It's hit or miss with fliers on the east coast. 6 dogs in junior, only 3 had fliers in tests. Finding shooters is a big issue. Not actually having the fliers.


----------



## pat addis (Feb 3, 2008)

I have only ran 4 akc junior hunt tests but all had a live flyer . when I first changed from hrc to akc I didn't think the flyer would make that big of a difference but it does I'm glad I trained for it. it took a fire breather to a maniac in the holding blind on the first test we ran. i'm still fighting that now that we moved to senior. some how he knows the day of the hunt test where we are going and gets nuts the closer we get.


----------



## Thomas D (Jan 27, 2003)

suepuff said:


> It's hit or miss with fliers on the east coast. 6 dogs in junior, only 3 had fliers in tests. Finding shooters is a big issue. Not actually having the fliers.


After this summer it won't be hit or miss (no pun intended).


----------



## suepuff (Aug 25, 2008)

Thomas D said:


> After this summer it won't be hit or miss (no pun intended).


Lol.
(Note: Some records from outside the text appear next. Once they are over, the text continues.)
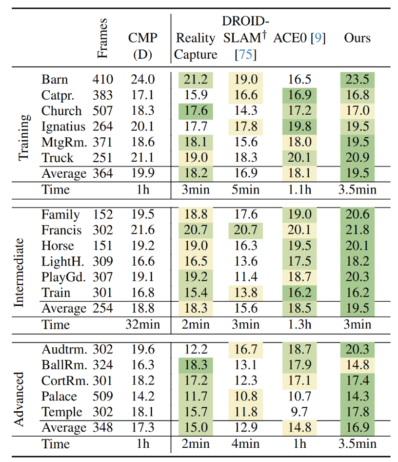 由于传统相机位姿的数据集提供的相机位姿通常是由传统的 SfM 或 SLAM 方法计算得到的,因此这些相机位姿本身可能存在一定的误差。为了更客观地评估 SAIL-Recon 的性能,论文使用了与 ACE0 一致的新视角合成指标 PSNR 来评估相机位姿的准确度。在训练 NeRF 用于新视角合成的过程中,如果训练图像的相机位姿存在误差,那么 NeRF 的合成效果会受到影响,PSNR 值也会降低。如果测试图像的相机位姿准确,则合成的图像 PSNR 值会更高。因此,PSNR 值可以作为评估相机位姿准确度的一个指标。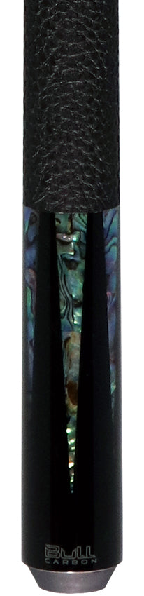 Bull Carbon Black with 6 Genuine Abalone Points Play Cue with Textured Leather Wrap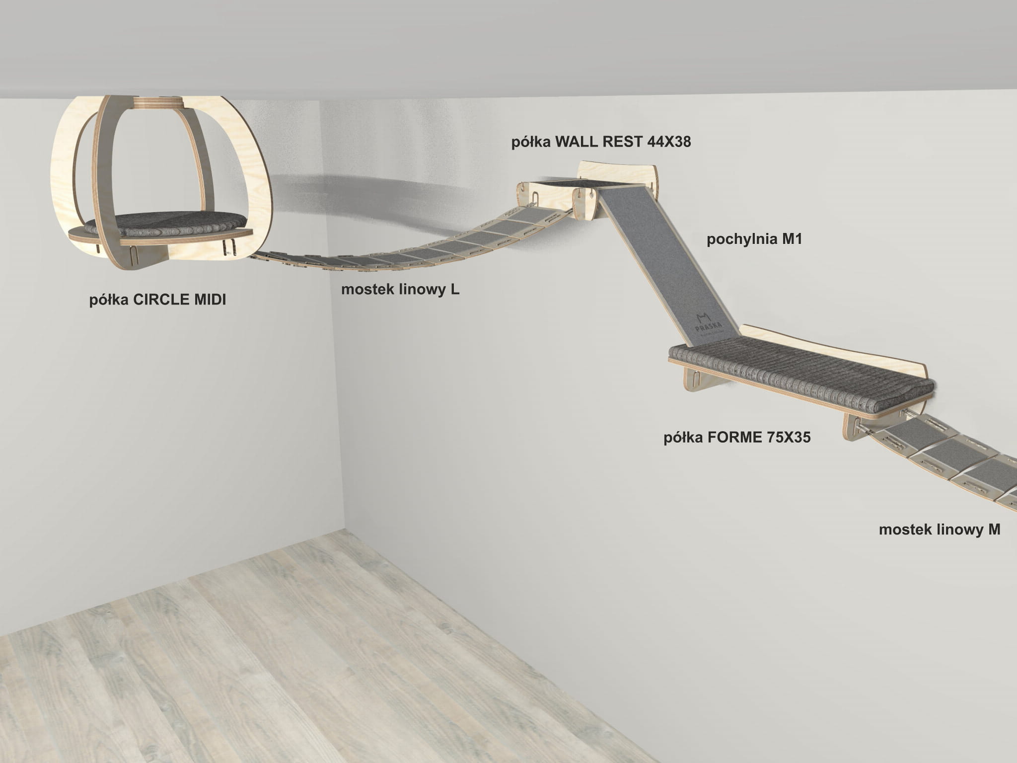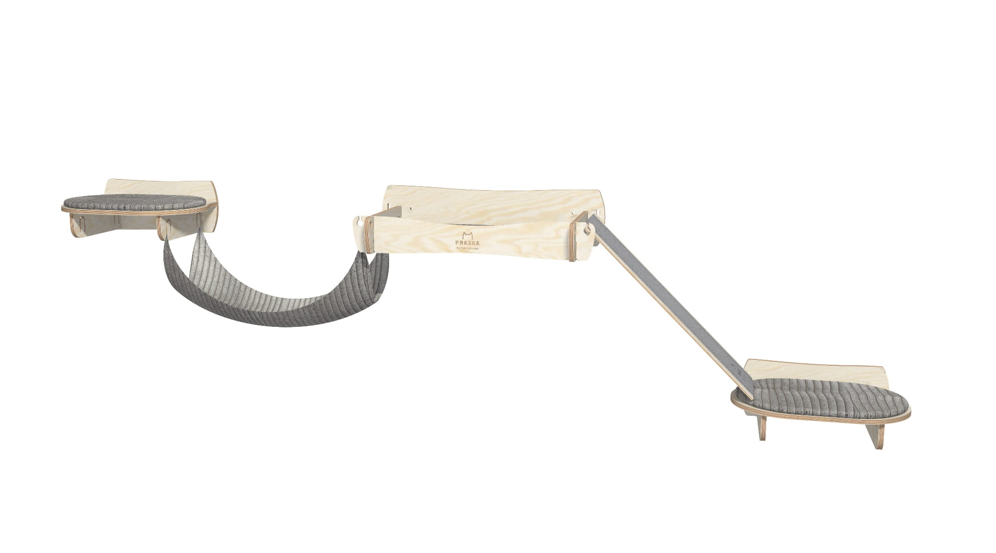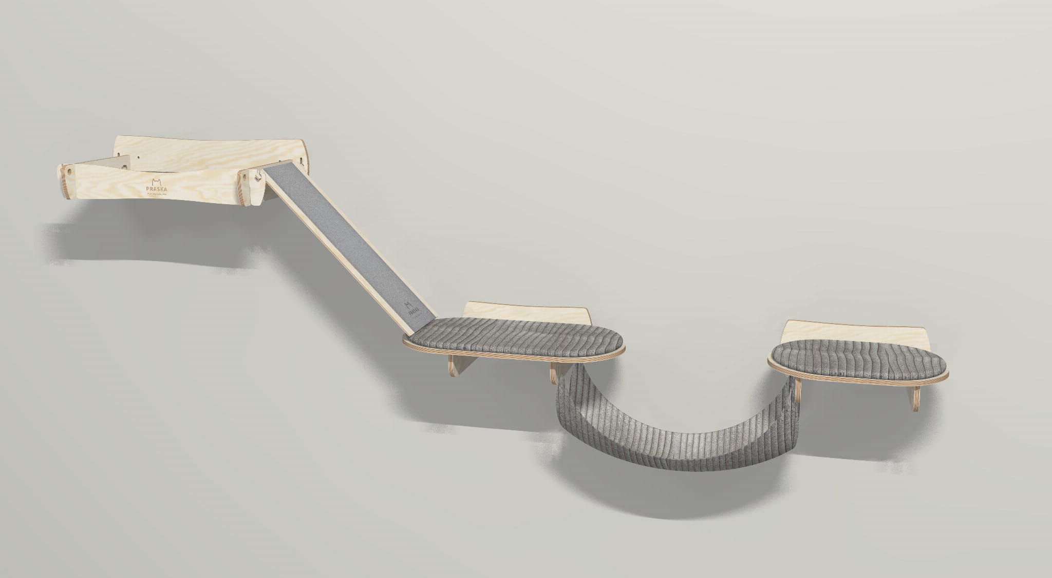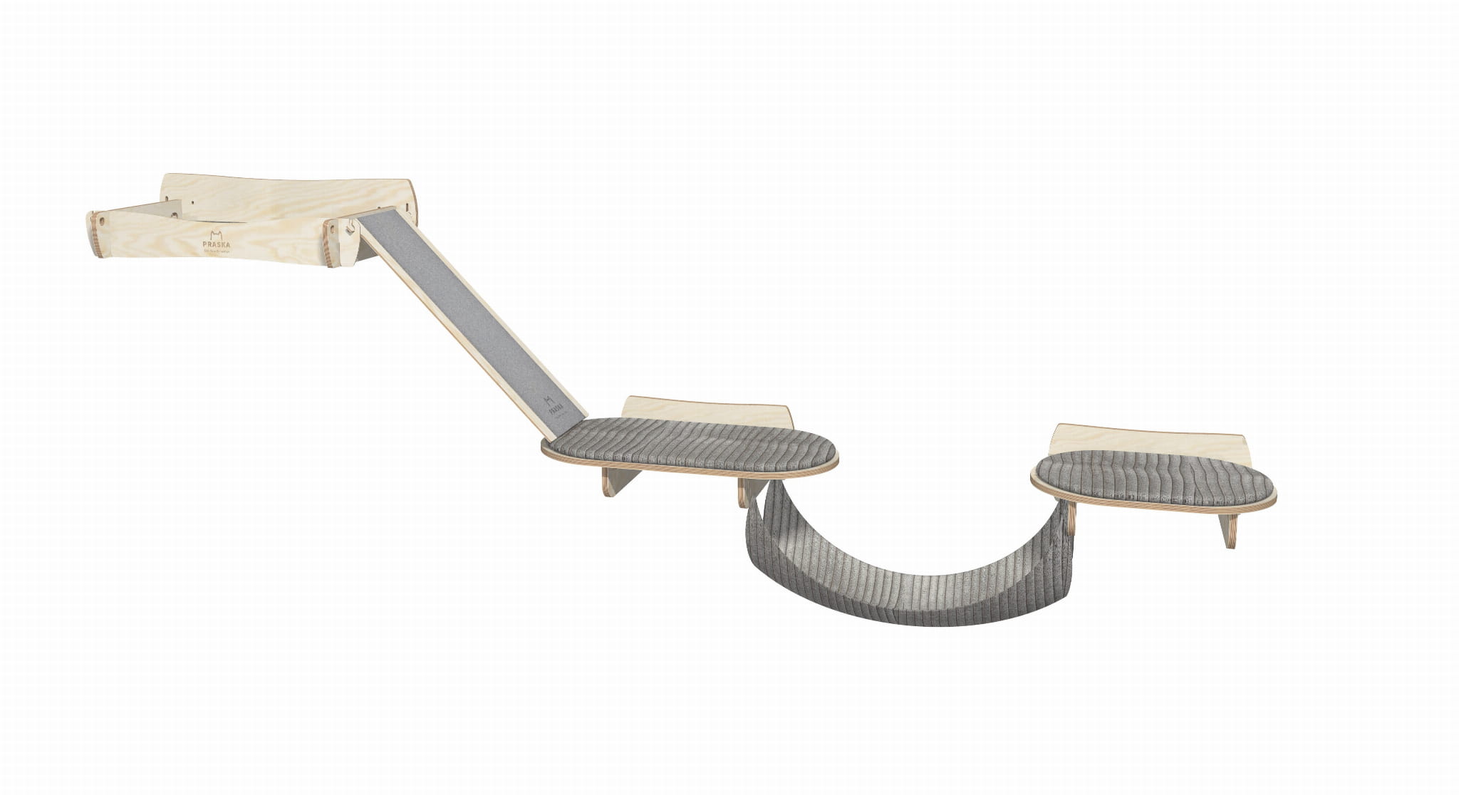 Modułowy design - Kładka idealnie wpasowuje się w systemy parków linowych PRASKA, co czyni ją istotnym elementem każdego kociego świata. Dzięki niej kot ma więcej przestrzeni do wspinaczki, zabawy i relaksu.

Haven't read the rule book yet this spring. Just downloaded the recent version. So fliers are a MUST now in juniors? Finding shooters is still going to be an issue. As many people have mentioned earlier, people skip the lower levels....I'm not opposed, just something else to work on.


----------



## Julie R. (Jan 13, 2003)

Haven't read the whole thread so don't know if this has been mentioned but, with the increase in numbers recently (especially at Master) clubs don't always have available grounds to set up good junior tests; since the upper levels will get the priority pick of the grounds. Sometimes all they have is a flat, featureless field next to a round pond and to stay within the rules they have to throw easy splash marks on water and easy featureless land marks.


----------



## captainjack (Apr 6, 2009)

Don't really understand with all of the folks running "hunt tests", clubs can't find anyone to actually shoot a bird.


----------



## suepuff (Aug 25, 2008)

captainjack said:


> Don't really understand with all of the folks running "hunt tests", clubs can't find anyone to actually shoot a bird.


 

Haven't we had discussions about how many non hunters participate now? And the people that can hunt and train regularly tend to hang out at the higher stakes. I'm one of those non hunters. I shoot clays a couple times a year. I hit about 10% of them. My club couldn't afford for me to shoot! ;-)


----------



## paul young (Jan 5, 2003)

Julie R. said:


> Haven't read the whole thread so don't know if this has been mentioned but, with the increase in numbers recently (especially at Master) clubs don't always have available grounds to set up good junior tests; since the upper levels will get the priority pick of the grounds. Sometimes all they have is a flat, featureless field next to a round pond and to stay within the rules they have to throw easy splash marks on water and easy featureless land marks.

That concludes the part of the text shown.